Lessons Learned From the Home-Building Process
As I reflect on our many home-building experiences over the years, it’s funny how closely they resemble experiences clients face with law firms. Here are some takeaways that may help you deliver a better client journey.
The architectural phase is a big (and expensive) part of custom building. After listening to your needs and drawing up your dream home, you’d think an architect would be anxious to see the finished product. That doesn’t always happen. I suppose they, like lawyers, move on to their next project. As a client, however, I’d like to think you care how this project turned out.
- If you helped a client acquire a property, build a new plant or open a retail outlet or restaurant, go visit! Show an interest in how your work resulted in something important to the client.
Construction involves a lot of moving parts. You can’t frame until the foundation is poured; you can’t pour the foundation until the hole is dug; you can’t dig the hole until the permit is issued; and so on. As a lawyer, there are times you have to wait for others in order to continue your work, like receiving an opposing counsel’s response or an agency’s documents or confirmation of the trial schedule. But clients often don’t know what’s going on behind the scenes; they just know that two weeks have passed and nothing seems to have happened.
- Acknowledge client inquiries, even if you don’t have the answer yet.
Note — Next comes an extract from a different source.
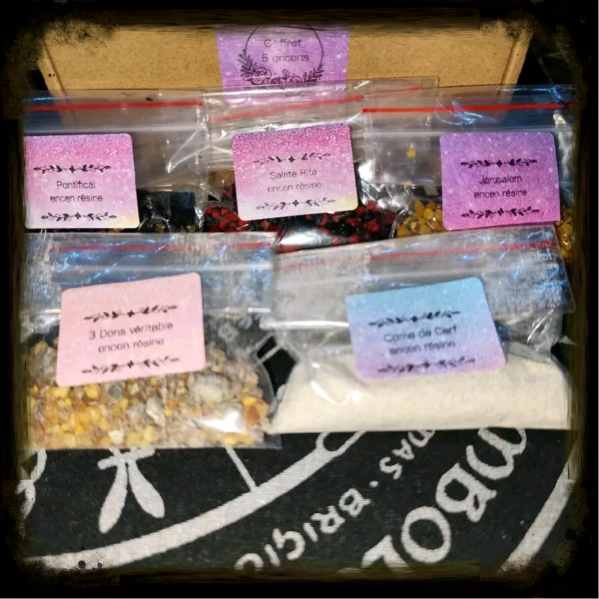 Coffret 5 Encens Résines Spirituelles – Protection, Purification & Harmonie | Rituel Ésotérique

Be proactive in providing status reports, even when nothing has happened. On active matters, think about setting up a regular check-in time so you (and the client) can stay on top of things.
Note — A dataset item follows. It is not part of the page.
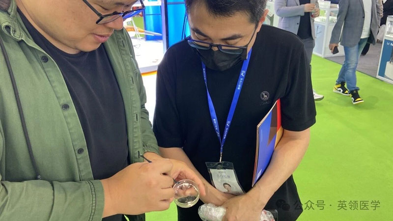展会期间,英领医学团队通过产品实物展示、临床案例视频播放,直观呈现材料的结构优势与应用效果;专业团队实时解答医生关于使用方法、适配场景等疑问,并提供样品试用体验。同时,公司技术专家在口腔修复专题研讨中,分享该材料的研发技术与临床数据,与全球同行探讨天然骨材料的创新方向。

Giving the Client Attention
As a construction client, I don’t care that you’re building other houses and I certainly don’t want to hear about them as an excuse for a lack of progress on mine. Similarly, clients don’t care about your other clients. Even though they know you have them, they want to feel like the only client you have, or at least the most important one.
- Be careful how you communicate your competing priorities.
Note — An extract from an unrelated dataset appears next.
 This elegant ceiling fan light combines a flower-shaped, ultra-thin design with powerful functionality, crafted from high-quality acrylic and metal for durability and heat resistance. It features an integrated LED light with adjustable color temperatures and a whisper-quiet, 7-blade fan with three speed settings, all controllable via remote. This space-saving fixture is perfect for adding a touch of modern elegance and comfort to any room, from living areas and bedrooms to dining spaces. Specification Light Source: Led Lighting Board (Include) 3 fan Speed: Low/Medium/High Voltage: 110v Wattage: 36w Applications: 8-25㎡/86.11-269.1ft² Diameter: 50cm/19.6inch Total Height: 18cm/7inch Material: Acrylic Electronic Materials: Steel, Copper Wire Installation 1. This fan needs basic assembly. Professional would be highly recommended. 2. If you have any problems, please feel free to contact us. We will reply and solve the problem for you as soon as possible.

Two days before my appliances were to be installed, I received an email that the dishwasher hadn’t arrived and the supplier couldn’t predict when it would. I quickly had to change my selection. But my nagging thought was, how long ago did they know this was a possibility? Maybe they were hoping it would come in time. From my vantage point, however, a heads-up and contingency plan would have been nice. Similarly, maybe you’re really hoping you can pull something off or make an issue go away. But by telling the client about a problem at the 11th hour, you look bad and, more importantly, the client may look bad internally.
- As soon as you know something may go wrong, let the client know. Bad news does not get better with time.
Staffing With Clarity
We have had new project managers assigned mid-construction; new names just start showing up on emails. Many times, we would ask a question only to be told it was someone else’s responsibility.
- For your clients, be clear about who’s responsible for what. Set out a list of key players and their roles (and contact information) in an introductory email. Provide clients with an organizational chart of the team. And, when there are changes, make an introduction by email, Zoom or a meeting so clients don’t have to wonder to whom the new set of initials on their invoice belong.
I know, I know; we’re all ecstatic that the house is done and we’ve moved in. However, there’s always a punch list with new construction. Lawyers, like contractors, have a tendency to move on to the next project without looking back.
- If you need to send a final document, do it right away. If you need to close out the bill, get it done promptly. Don’t move so quickly to your next matter that you fail to button up the last one.
Parting Thoughts on Improving the Client Journey
I don’t want to scare anyone away from building a new house. In every instance, we have been very pleased with the final product once it was done. However, challenges in the process can taint what would otherwise be viewed as a really great result.
The same is true with your clients. You can prepare a dynamite brief or a brilliant estate plan but, if clients had a difficult journey, they still may not be happy.
Remember, it’s as much about the service you deliver as the services you deliver.